:: PROMPT ::
In the data below, set down exactly the lines from the one containing "The life of" up to and including the one containing "離開旅館之後,路上都沒什麼人". Leave the pictures out.

:: ENTRIES SUPPLIED ::
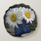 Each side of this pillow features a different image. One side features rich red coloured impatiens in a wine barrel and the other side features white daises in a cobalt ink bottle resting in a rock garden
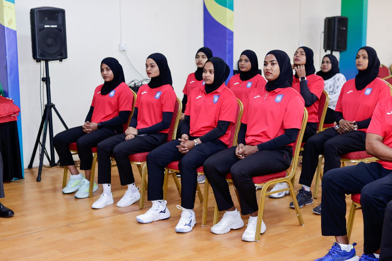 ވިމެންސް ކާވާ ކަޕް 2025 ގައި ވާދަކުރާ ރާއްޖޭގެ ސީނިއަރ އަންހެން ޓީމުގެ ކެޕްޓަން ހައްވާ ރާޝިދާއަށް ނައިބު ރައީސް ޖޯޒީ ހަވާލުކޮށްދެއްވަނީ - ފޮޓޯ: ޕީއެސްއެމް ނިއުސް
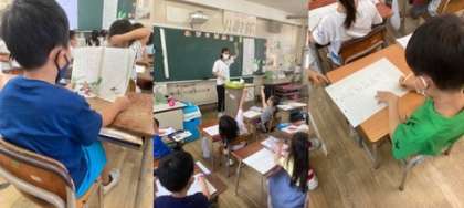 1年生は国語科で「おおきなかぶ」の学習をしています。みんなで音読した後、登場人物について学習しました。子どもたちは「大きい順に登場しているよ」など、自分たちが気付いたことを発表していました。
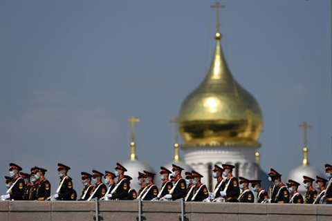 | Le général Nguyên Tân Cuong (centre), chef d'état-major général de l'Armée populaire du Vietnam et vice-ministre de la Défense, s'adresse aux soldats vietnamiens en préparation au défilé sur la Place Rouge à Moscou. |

==

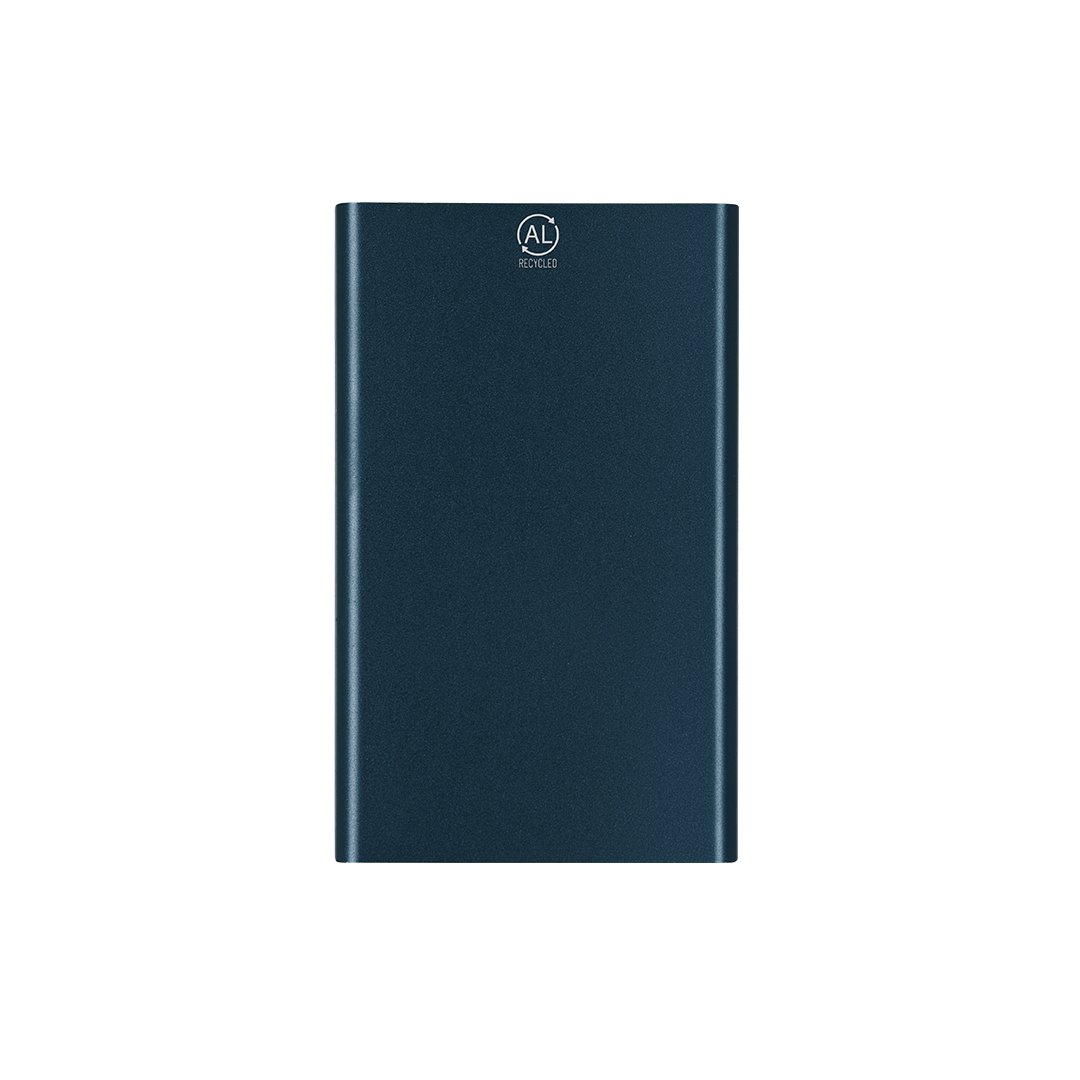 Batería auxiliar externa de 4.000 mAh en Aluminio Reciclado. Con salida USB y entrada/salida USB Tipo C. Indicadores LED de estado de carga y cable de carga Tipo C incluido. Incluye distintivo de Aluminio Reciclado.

==

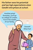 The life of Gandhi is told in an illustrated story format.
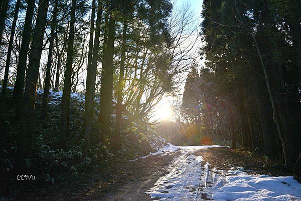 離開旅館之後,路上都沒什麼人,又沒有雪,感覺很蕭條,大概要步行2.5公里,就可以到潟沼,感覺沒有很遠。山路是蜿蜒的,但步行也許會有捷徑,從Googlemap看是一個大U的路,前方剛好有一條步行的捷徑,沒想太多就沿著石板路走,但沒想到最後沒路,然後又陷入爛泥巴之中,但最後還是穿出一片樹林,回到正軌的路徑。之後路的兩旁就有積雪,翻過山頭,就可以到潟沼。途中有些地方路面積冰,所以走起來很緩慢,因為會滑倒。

:: RESULT BELOW ::
 The life of Gandhi is told in an illustrated story format.
 離開旅館之後,路上都沒什麼人,又沒有雪,感覺很蕭條,大概要步行2.5公里,就可以到潟沼,感覺沒有很遠。山路是蜿蜒的,但步行也許會有捷徑,從Googlemap看是一個大U的路,前方剛好有一條步行的捷徑,沒想太多就沿著石板路走,但沒想到最後沒路,然後又陷入爛泥巴之中,但最後還是穿出一片樹林,回到正軌的路徑。之後路的兩旁就有積雪,翻過山頭,就可以到潟沼。途中有些地方路面積冰,所以走起來很緩慢,因為會滑倒。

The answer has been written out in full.